桃花姨的家也是小平房,和39號僅一牆之隔。
房子大概有七八十平,沒有院子,一推門就是堂屋。
她房子雖然沒有胡三爺的百年大宅氣派,但盡顯規整和溫馨。
屋裏的傢具擺得齊齊整整,堂屋中間的飯桌上放著一盆砍好的豬蹄,和青菜,油光水滑的,看著就透著家常的熱乎氣。
水泥地麵擦得發亮,沒見一粒灰塵,就連掃把和布鞋都整整齊齊地擺在角落,鞋尖一律朝外。
一眼看去沒半點雜亂,處處透著乾淨利落。
一進門,她招呼梅洛他們坐在沙發上。
自己則轉身進了旁邊的廚房,拿出幾個青花小碗和一把粗陶茶壺,給三人倒上冒著熱氣的濃茶後,才接著梅洛的話說:
“我確定是鬧鬼,因為白天什麼事都沒有,隻是到晚上裏麵就有響動,還有哼哼的叫聲,有天晚上,我想過去看看,剛開燈下床,就聽屋頂上傳了一陣刷刷的灑泥聲……..”
她的描述,和民間說的鬼故事一樣。
老人經常說,鬼發出的聲音是哼哼的,因為死的時候不甘心,所以做鬼都痛苦。
還有就是喜歡灑泥巴嚇人,有時候走夜路,路過一個陰森的地方時,如果上麵傳來唰唰的聲音,那就是有鬼,專挑膽小的人纏。
桃花姨抿了一口茶,眼裏還殘留著後怕說:
“這事有一個禮拜了,頭天晚上我還以為是野貓竄房簷,沒當回事,結果接連幾天都這樣——後半夜總能聽見牆根底下有哼哼聲,像有人捂著嘴哭,又像喘不上氣,我才越來越害怕…….”
一個禮拜?
梅洛在算著時間。
她看著胡三爺,語氣裏帶著點撒嬌嗔怪道:
“我就天天盼望這老東西趕緊回來,他是陰師,一回來準能治住這髒東西,誰知道磨磨蹭蹭,拖了這麼久纔回。”
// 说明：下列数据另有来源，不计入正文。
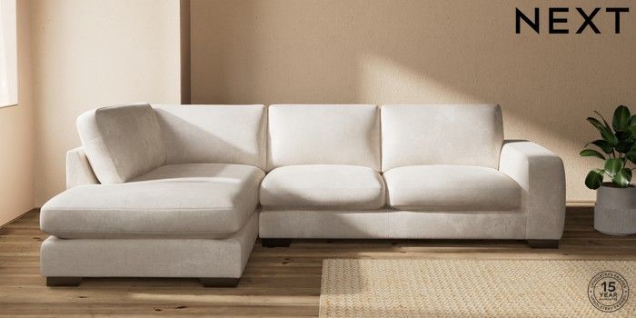 7.2.10 Houghton Deep Sit Large Corner Chaise - Left Hand Plush Chenille Oyster Large Square Angle - Gunmetal | Made Click here to use our website with more accessibility support, for example screen readers

胡三爺瞥了她一眼,但沒說話,手指在指節上慢慢地掐著。
許紅婉坐在沙發邊緣,身子綳得筆直,時不時打個寒顫。
目光不安地在屋裏掃來掃去,好像那看不見的“鬼”就藏在某個角落一樣。
梅洛端著茶碗,眼睛卻看向胡三爺。
他想知道,這自稱道行高深的老傢夥能算出什麼來?
是故弄玄虛,還是真有幾分本事?
好一會,胡三爺才低笑一聲,收起掐算的手,靠在沙發背上。
桃花姨見他這副模樣,頓時來了氣,伸手帶著幾分力道戳了戳他的胳膊:
“你笑啥?我都快被嚇死了,你還有心思笑!快點拿出你的法術,去把鬼給殺了,不然你就天天在這陪我……..”
胡三爺臉色一變,像是被這話嚇著了,連忙擺手道:
“不是不是,我剛才掐指一算,根本不是鬧鬼…….”
“不是鬧鬼那是什麼?”
桃花姨眼睛一瞪,語氣拔高了幾分帶著不信質問道。
胡三爺眯縫著眼睛,慢悠悠道:
“應該是久了沒人住,屋裏麵有老鼠在打洞。”
“老鼠在打洞?”
梅洛也詫異地看著他問。
從他剛才說不是鬧鬼,梅洛心裏就生出一絲敬佩。
他不像別的陰師那樣,什麼事都往他的行業上靠,逮著機會就吹噓捉鬼驅邪,坑蒙拐騙。
證明這傢夥還是有些底線,不會為了坑人錢財,胡說八道。
“應該是老鼠,或者能打洞的動物,因為從卦相看,是動土的跡象,什麼鬼這麼無聊,會去扒人家房子底下?”
扒人房子底下?
言者無心,聽者有意。
梅洛心裏咯噔一下。
難道是有人在找地圖?
桃花姨還是不相信,她瞪著胡三爺,胸脯微微起伏:
“不可能是老鼠,老鼠打洞哪有這麼大的動靜?還會灑泥巴,那得有多大一隻老鼠,你少來這套!是不是希望我被嚇死,你好找別的寡婦?不行,今天你必須給我弄明白,要麼把‘鬼’送走,要麼你就搬過來住,陪我一起盯著………”
這女人如果因為愛,撒起潑來,那是一點道理都不講的。
她可能是真的以為是有鬼,又或許是想藉機要胡三爺陪她,所以說著說著,眼眶就紅了,聲音也帶上了點哭腔。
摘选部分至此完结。